1 is sometimes enough & 1.2 million is sometimes too many. just thinking about these extremes leads me to conclude that the criticism "your sample is small" is meaningless. in the absence of any other justification or evidence, it cannot have any meaningful interpretation.
so what should we do?
well, there is no simple answer, & listening to my statistical essays each month is not going to provide you with it. (but do please keep listening!)
for each study, you need the best-possible design, the best-possible sampling strategy, the best-possible data collection, & the best-possible data analysis. doing the best-possible systematic review & best-possible meta-analysis before or after the study is also not a bad idea, if you have the time - see episode 36.
how to define the best-possible sample? well, this will differ for every study, whether it's a final year undergraduate project, a master's project, a PhD project, or a massive multi-centre study funded by millions & worked on by dozens.

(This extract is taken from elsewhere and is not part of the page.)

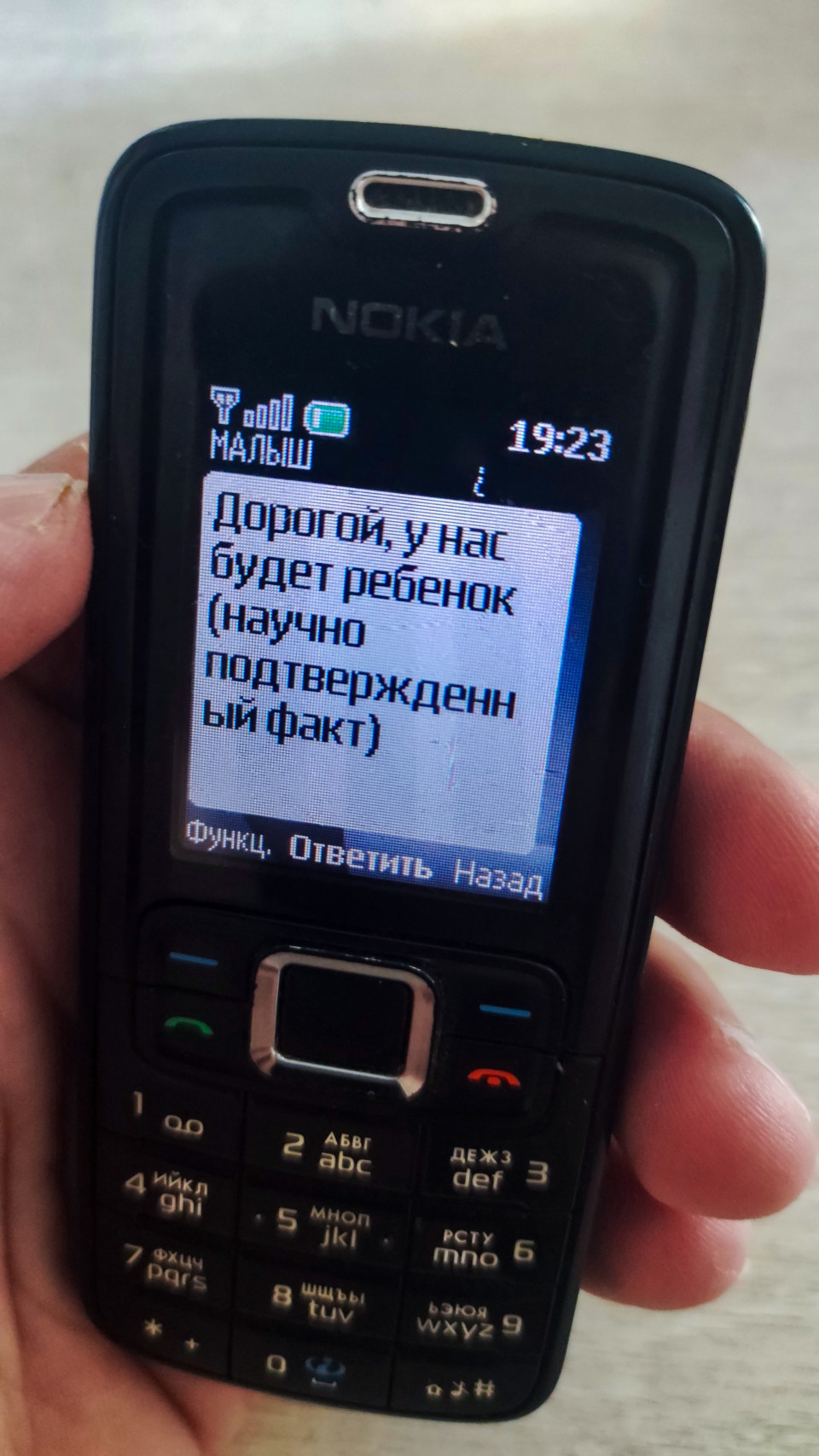 Крупный план: в руке держат телефон Nokia с открытым SMS, заполненным текстом на русском языке. Вверху экрана указано имя контакта «МАЛЫШ», справа отображается время 19:23; в тексте читается фраза про будущего ребёнка и «научно подтвержденный факт». Видны кнопки управления сообщениями в нижней строке интерфейса, а также часть физической клавиатуры и навигационной клавиши. Фон размытый, светлый, съёмка выполнена в помещении. Фото подходит для материалов о мобильной коммуникации, личных сообщениях, отношениях и объявлениях через SMS.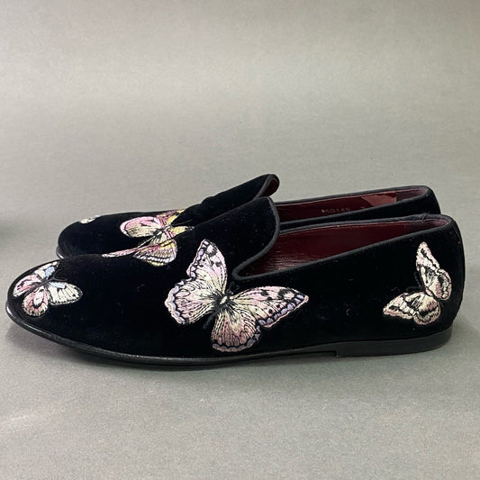 8b14 DOLCE&GABBANA ドルチェアンドガッバーナ バタフライ刺繍 オペラシューズ 7 ブラック ベロア 蝶 スリッポン ローファー D&G ドルガバ イタリア製

what about effect-size? well, if you know what the effect size for your study is, you don't need to do the study, so save the resources & spend it on discovering important effects that you don't yet know the size of.
what about the minimal effect-size of interest? well, OK, that makes sense to me - given all the other constraints that apply to this study - time, staff, money, participants, resources - what kind of result would be worth putting in the effort to collect those N pieces of evidence?
when students, politicians, journalists or reviewers comment that your sample is small, you just need to ask: how big it should be, why, & who's paying?